The ash of the fire gusted as air replaced him. The third moon, like a polished metal ball, rose in the twilight sky, made a right angled turn far above them, receded into dark. Lumi felt the tug of the huge mass moving away, heard waves breaking on the lake shore, squinted at the sudden flare of a star drive igniting.

ABOUT “THE OWNER”

There’s not much to add about this story. It’s another ‘Owner’ one in its distinct future history, but has no history itself (i.e. wasn’t published anywhere but in The Engineer collection). I reckon I’ve got about four or five future histories going now, and probably will start more of them. Looking at the ongoing creation of the ‘runcible universe’ I wonder how many writers love or feel trapped by their speculative creations, or both.

THE OWNER

There is a place where stands an ancient pillar. It is taller than a man, just, and wider. It is a plain cylinder without plinth or capital and is made of grey corrosion-free metal. Its surface is intagliated with strange runes, or circuit diagrams, and it stands upon sand in a bleak place where few have heard of Ozymandias. It is real, absolutely and solidly real, as if its location has formed around it — an accretion of reality. Standing on the sand by this pillar is a swordsman. He is just in its shadow; all dark fabric and iron, and seemingly part of that shadow. Such fancy he would perhaps allow a smile, knowing a permanence greater than that of the grey metal.

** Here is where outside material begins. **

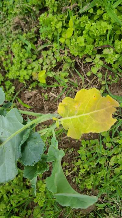 broccoli plant bottom leaves are turning this color and drying up can anyone inform me of the issue

They were tired of running, tired of forever being on guard, and tired of the fear, but there was only one alternative. Cheydar knew this and it churned him up inside. Sometimes he felt a hopelessness so strong he just wanted to stop, to sit down and wait for the end, but he hadn’t, not yet. The Code would not allow him suicide without permission.

When he saw him, the man seated on a boulder out on the flats, watching them, Cheydar thought, Here is another killer come for the Cariphe’s reward. And, as he waved his two sons to his side and moved out from the campfire he wondered if he might die this day. The boys spaced themselves and pumped full the gas cylinders of their air guns. Cheydar was weary, loath to kill yet again, frightened he might not be able to. Behind him Suen held her daughter close and looked on. Suen, wife of Tarrin, to whom he and his family were sworn service of life. All this for her and the girl now. He knew that sometimes she damned the loyalty that kept him and his kin with her, only sometimes, without it there was only that one alternative.

The man was motionless. It seemed as if he might have sat there all night watching their camp. When he finally moved, when he finally came down from his rock, it was at the precise moment the sun gnawed a red-hot lump out of the horizon. Cheydar felt his throat clench: The Daybreak Warrior. Then he damned himself for a fool and the bitterness inside threatened to overwhelm him. He was too old for such fairy tales. If only Tarrin had been as wise.

“He looks a handy one this,” he said.

It was the way the man had come down from the boulder: lithe, strong. That had been a four metre drop and he had taken it as if it was nothing and was strolling towards them with the loose-limbed gait of a trained fighter… killer.